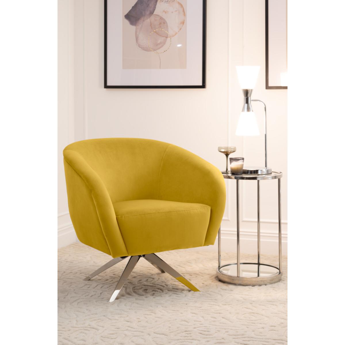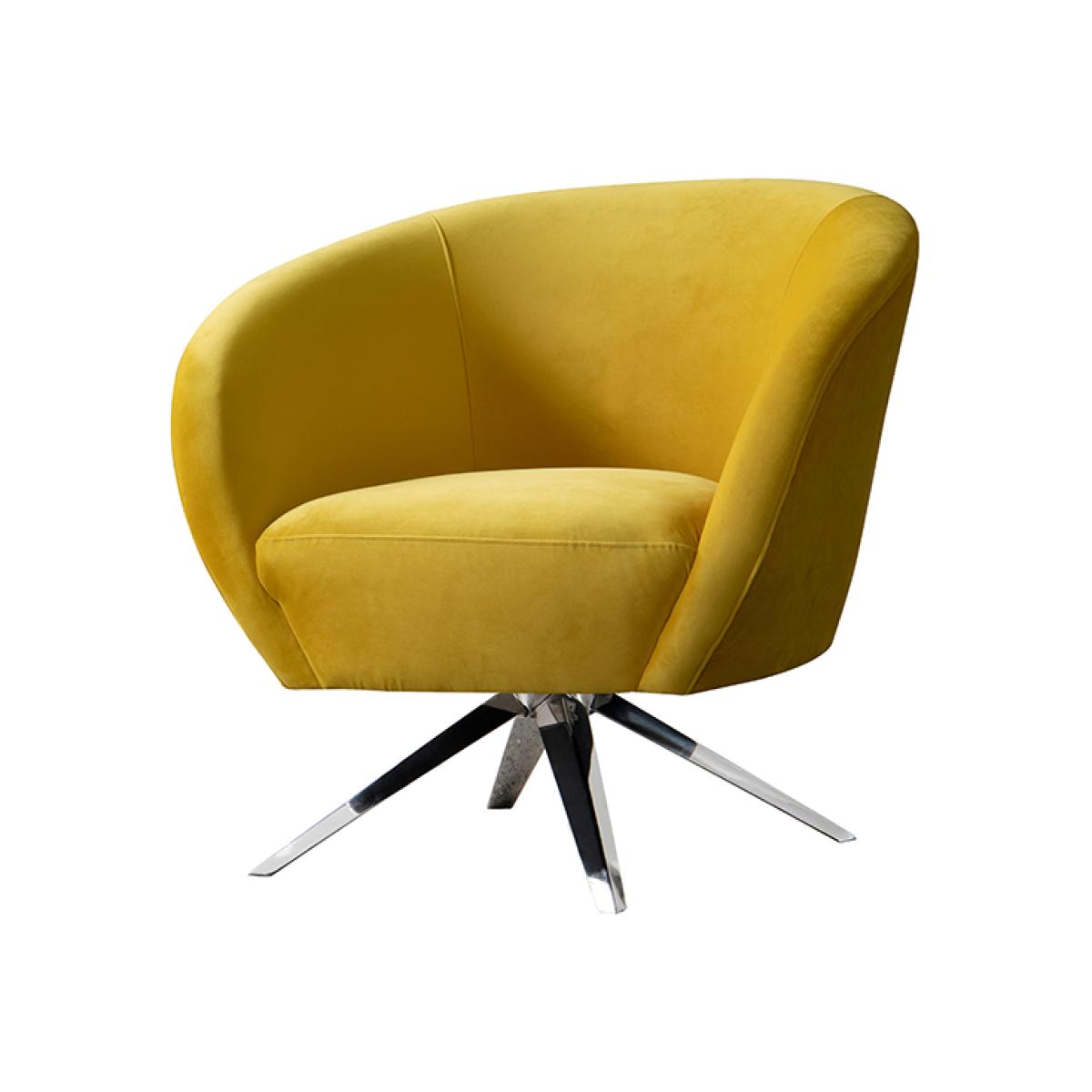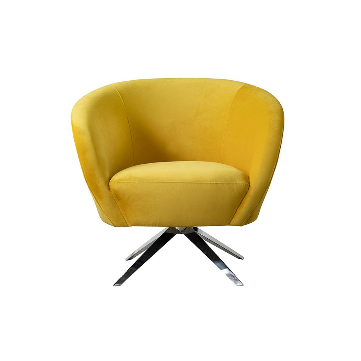 A striking lounge chair inspired by highly collectable Mid-Century American furniture. Sculptural swivel base with polished chrome finish. Comfortable sprung seat. Velvet upholstery fabric.
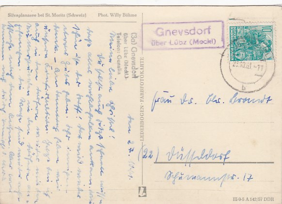 Landpoststempel Gnevsdorf Lübz AK St.Moritz Schweiz
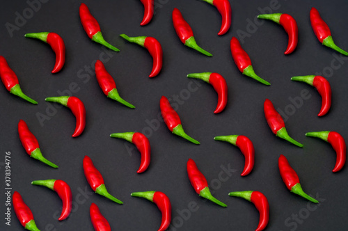 Pattern of red chili peppers on gray background. Creative copy space
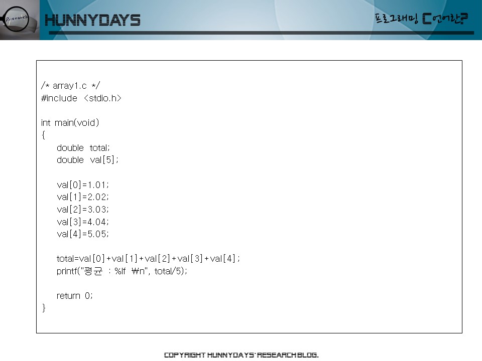 배열 길이 : 배열을 구성하는 변수의 개수(반드시 상수를 사용)
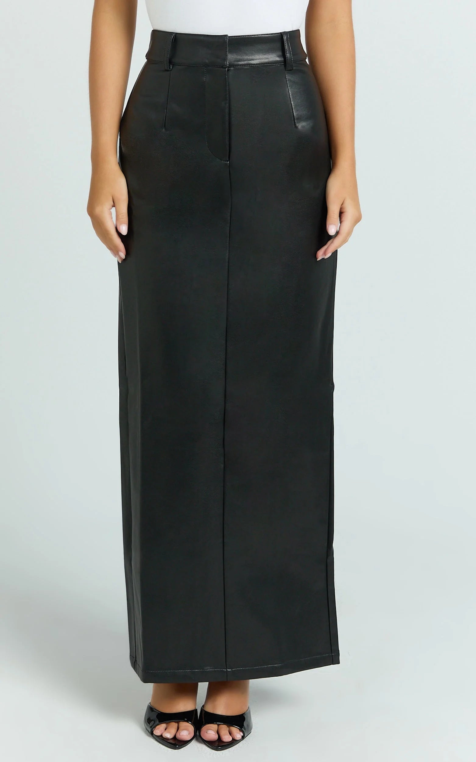 The Raiza Maxi Skirt is glossy, chic, and made for a little drama. With its high waist and figure-hugging cut, it skims your curves before flowing into that sleek full-length finish - so simple, but so striking. The black PU fabric has that luxe shine that instantly dresses up anything you throw on with it.
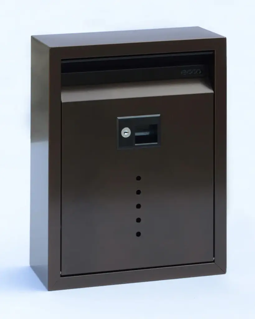 The E9 and E10 are commercial grade locking wall mailboxes made of 20 gauge 304 stainless steel with a smooth satin finish and galvanized steel with a powder-coat paint finish. The lock assembly features a built in recessed finger pull with a combination spring loaded latch and key lock allowing the door to be used with of without locking.The incoming mail slot is protected from the elements by a self closing angled flap finished in a satin black paint or stainless steel in the black model. The front door opens downward to 80 degrees preventing contents from falling out.
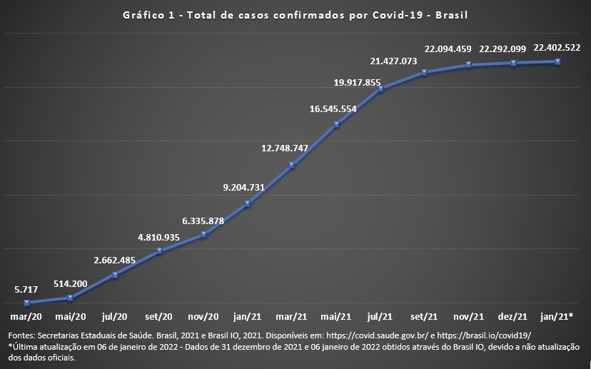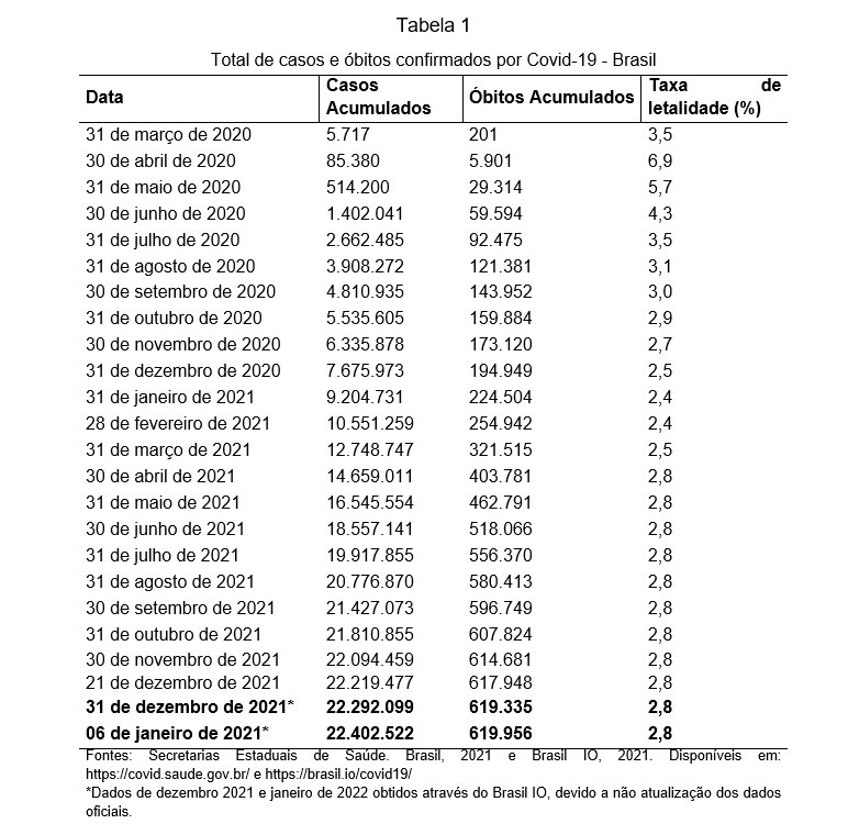 Dados atualizados do Ministério da Saúde, mostram, em 21/12/2021, um quadro com a doença instalada em todo o país: na ordem desde de março de 2020, de 22.219.477 casos confirmados e 617.948 óbitos, com 2,8% de letalidade. Por outro lado, informações recentes da mídia nacional, por meio do IO, o Brasil contabilizou em 31/12/2021 22.292.099 casos confirmados e 619.335 óbitos, passando em apenas 6 dias de janeiro de 2022 para 22.402.522 casos confirmados e 619.956 óbitos em toda a população (Tabela 1).
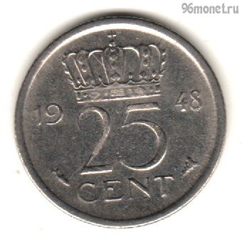 Вы здесь: Главная > Каталог товаров > Монеты > Нидерланды 25 центов 1948

## WORK TO BE COMPLETED
Every record must be set down again exactly; pictures do not belong in the copy.

## YOUR SOLUTION
 A striking lounge chair inspired by highly collectable Mid-Century American furniture. Sculptural swivel base with polished chrome finish. Comfortable sprung seat. Velvet upholstery fabric.
 Landpoststempel Gnevsdorf Lübz AK St.Moritz Schweiz
 Pattern of red chili peppers on gray background. Creative copy space
 배열 길이 : 배열을 구성하는 변수의 개수(반드시 상수를 사용)
 The Raiza Maxi Skirt is glossy, chic, and made for a little drama. With its high waist and figure-hugging cut, it skims your curves before flowing into that sleek full-length finish - so simple, but so striking. The black PU fabric has that luxe shine that instantly dresses up anything you throw on with it.
 The E9 and E10 are commercial grade locking wall mailboxes made of 20 gauge 304 stainless steel with a smooth satin finish and galvanized steel with a powder-coat paint finish. The lock assembly features a built in recessed finger pull with a combination spring loaded latch and key lock allowing the door to be used with of without locking.The incoming mail slot is protected from the elements by a self closing angled flap finished in a satin black paint or stainless steel in the black model. The front door opens downward to 80 degrees preventing contents from falling out.
 Dados atualizados do Ministério da Saúde, mostram, em 21/12/2021, um quadro com a doença instalada em todo o país: na ordem desde de março de 2020, de 22.219.477 casos confirmados e 617.948 óbitos, com 2,8% de letalidade. Por outro lado, informações recentes da mídia nacional, por meio do IO, o Brasil contabilizou em 31/12/2021 22.292.099 casos confirmados e 619.335 óbitos, passando em apenas 6 dias de janeiro de 2022 para 22.402.522 casos confirmados e 619.956 óbitos em toda a população (Tabela 1).
 Вы здесь: Главная > Каталог товаров > Монеты > Нидерланды 25 центов 1948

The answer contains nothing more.